The 1960s: An Explosion in
Programming languages
• After the tremendous success of the first few
programming languages, "everyone" tried to get
into the act.
• Most of these languages have now vanished, and
only a few had a significant effect on the
development of programming languages.
• BASIC (Beginners All-purpose Symbolic Instruction
Code), initially designed by John Kemeny, was as a
simple language for the new time-sharing systems
of the time.
The 1970s: Simplicity, Abstraction,
Study
• After the turmoil of the 1960s, language designers
returned to the "drawing boards" chastened and
with a new appreciation for simplicity and
consistency of language design.
• In 1972 another outgrowth of Algol was being
designed by Dennis Ritchie at Bell Labs that was to
become tremendously successful as well: the C
programming language.
• The success of C has been due to the popularity of
the Unix operating system with which it is
associated
The C programming language
• C tries for simplicity in different ways from Pascal:
• by retaining and restricting the expression
orientation, by reducing the complexity of the type
system and runtime environment,
• and by providing more access to the underlying
machine.
• For this latter reason, C is sometimes called a
"middle-level" programming language, as opposed
to a high-level language.
The 1980s: Consolidation and new
Directions
• Perhaps the single most important programming
language event of the early 1980s was the advent
of Ada.
• Ada’s design was fixed in 1980 after a lengthy
design effort by the Department of Defense
• Ada has a number of interesting features,
including an abstract data type mechanism (the
package), a concurrency or parallel programming
facility (the task), and exception handling.
Prolog
• One major change in the 1980s over the 1970s
was the renewed interest in functional
programming and alternative language paradigms.

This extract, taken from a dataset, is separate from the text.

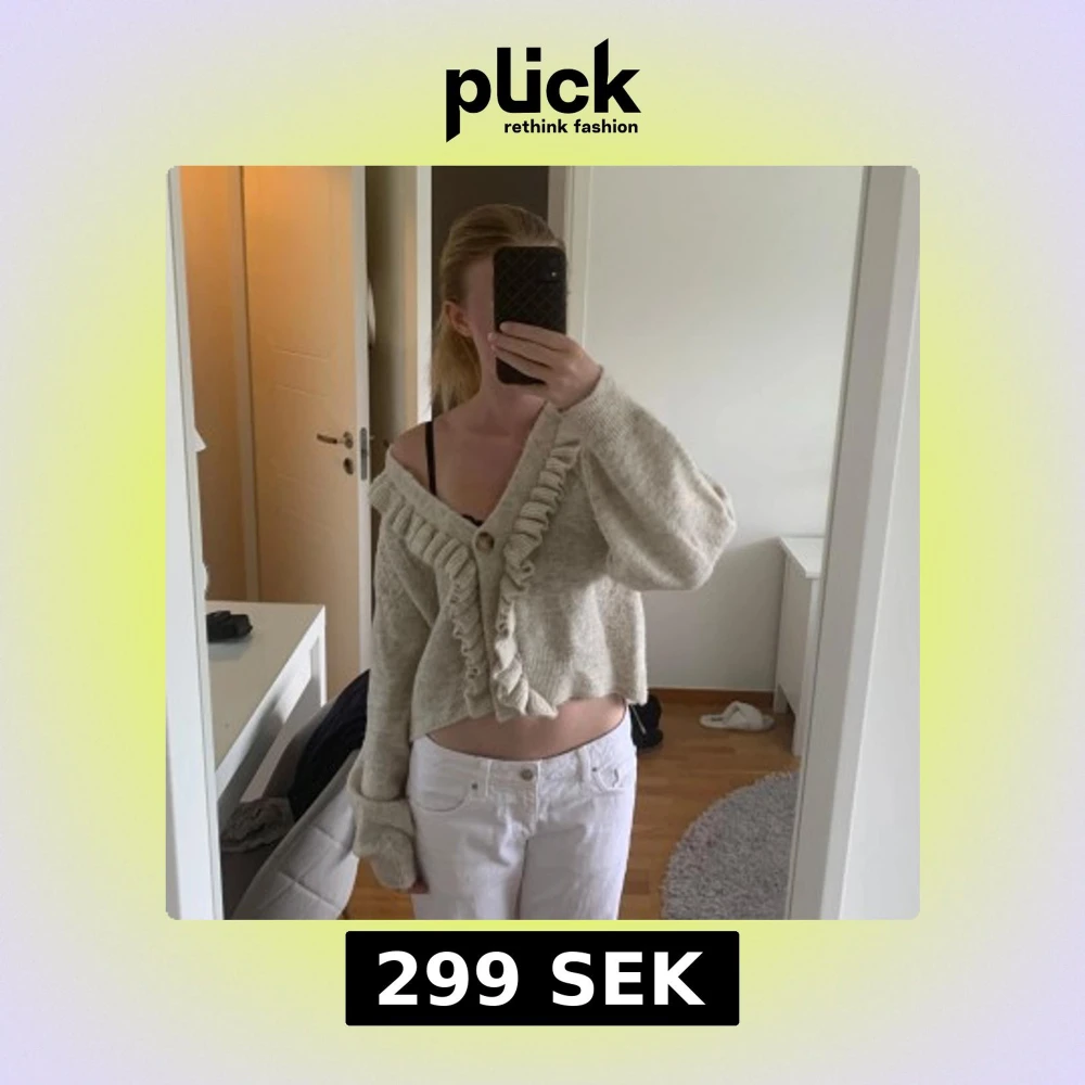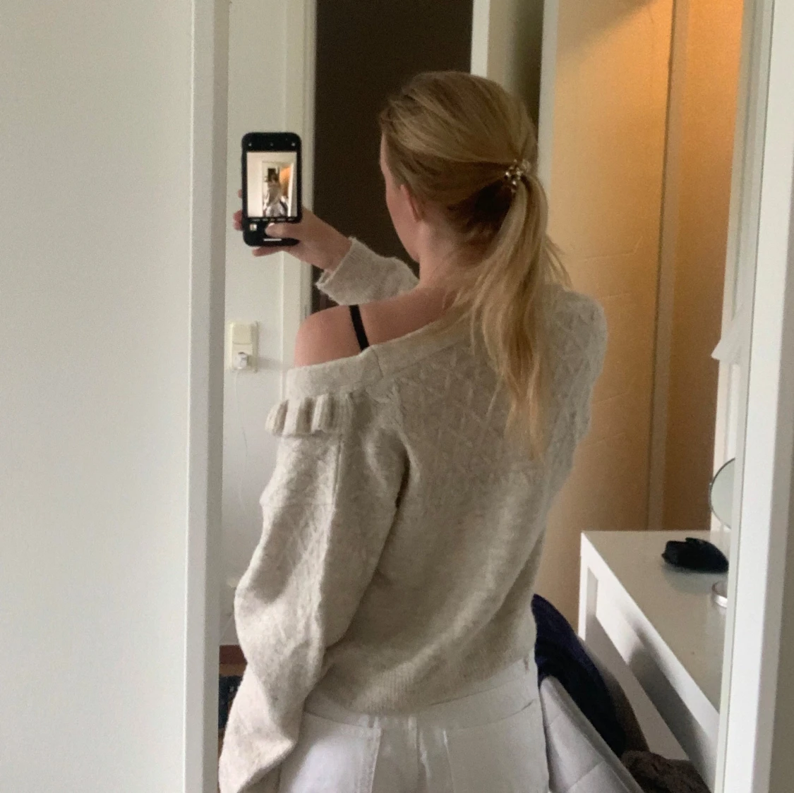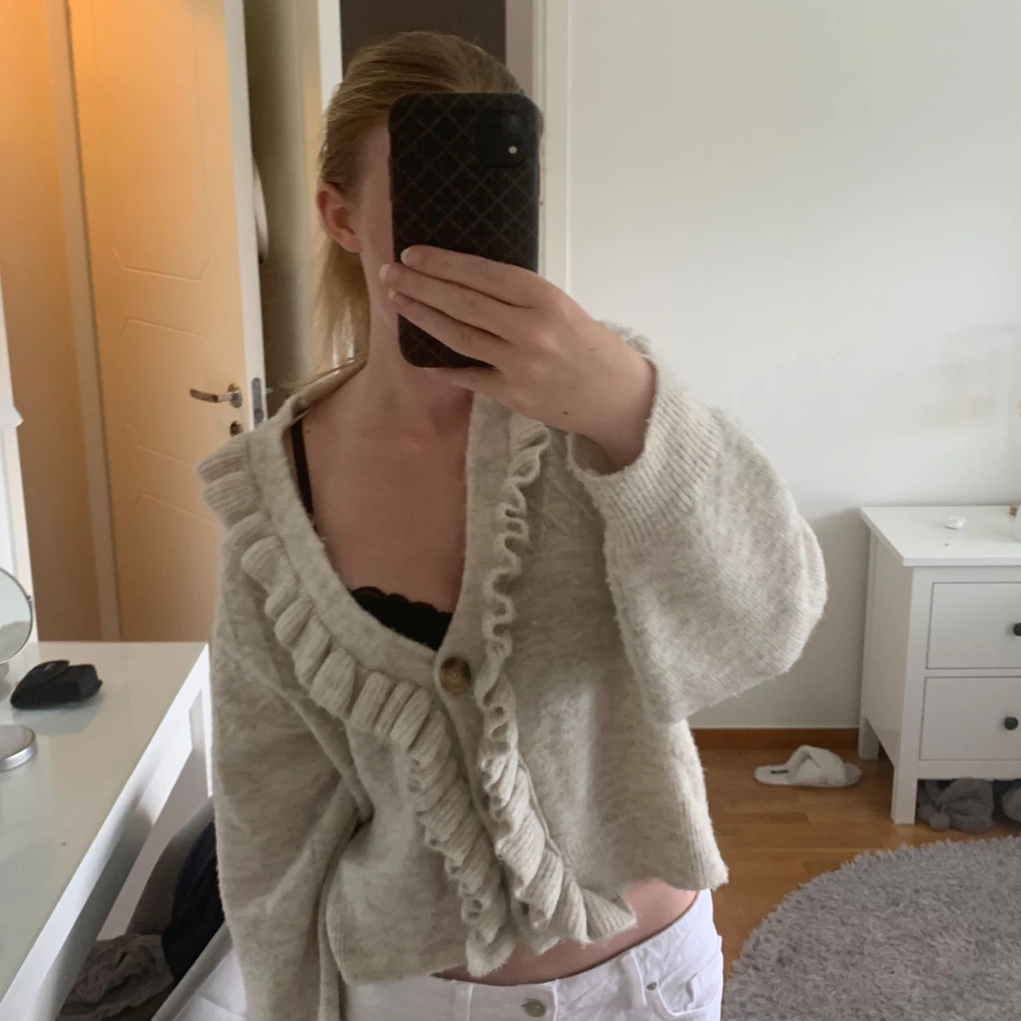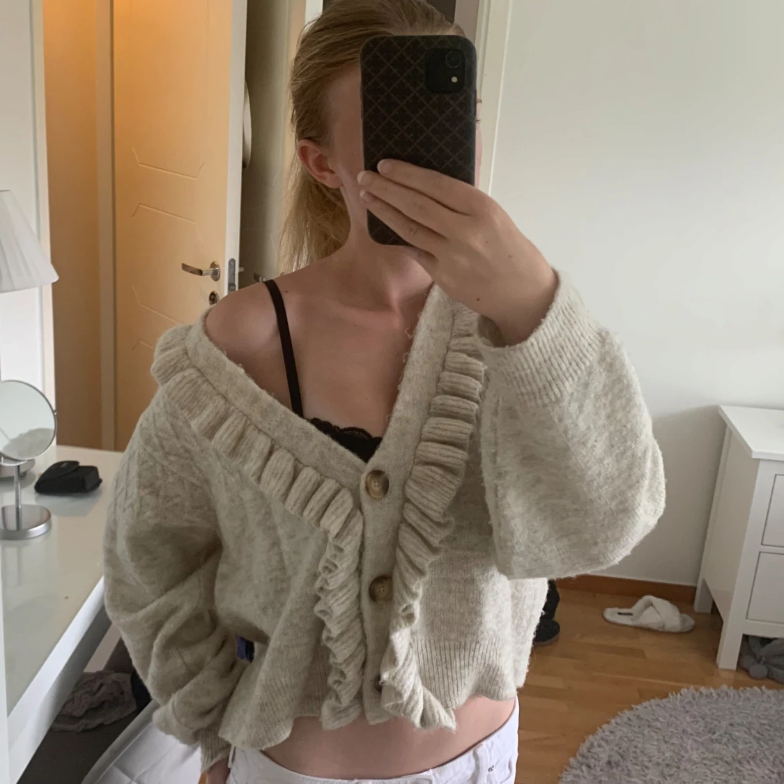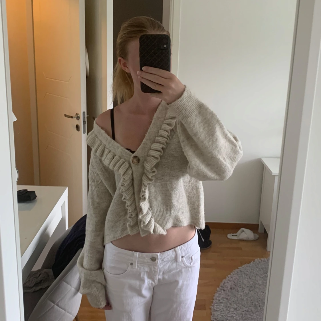 Säljer denna jättesöta beiga koftan med volanger. Från Mango i storlek M men passar mig jättebra som brukar ha XS-S. Hör av vid frågor!💛💛

• Many attempts to use mathematical logic more or
less directly as a programming language have
been made over the years, but the language
Prolog has become the main practical example of
logic programming.
• It now has a number of good implementations and
is being increasingly used in artificial intelligence
and as a prototyping language.
Object-oriented Programming
• The object-oriented view of programming, based on
the class concept of Simula67, has also recently
undergone a tremendous increase in popularity.
• The language, C++ was designed to apply the
object-oriented approach in a completely
consistent way and are the purest example of an
object-oriented language.
The 1990's: Visual Basic of Visual
Programming
• VB is a high-level programming language evolved
from the earlier DOS version called BASIC.
• The single largest effect on coding that VB
introduced was the concept of an event-driven
programming model.
• In VB, programming is done in a graphical
environment. Because users may click on a certain
object randomly, so each object has to be
programmed independently to be able to response
to those actions (events).
Visual Basic of Visual Programming
• One of the many significant improvements is that
VB provides massive support for easily creating the
user interface to your applications.
• This is accomplished within the VB Integrated
Development Environment (IDE), in which you use a
mouse to "draw" your application and use the
keyboard to type in the code that is to be executed.
• The other major concept that VB has incorporated
is the concept of objects. VB forms are objects,
menus are objects, and so are the intrinsic VB
visual user interface controls (GUI).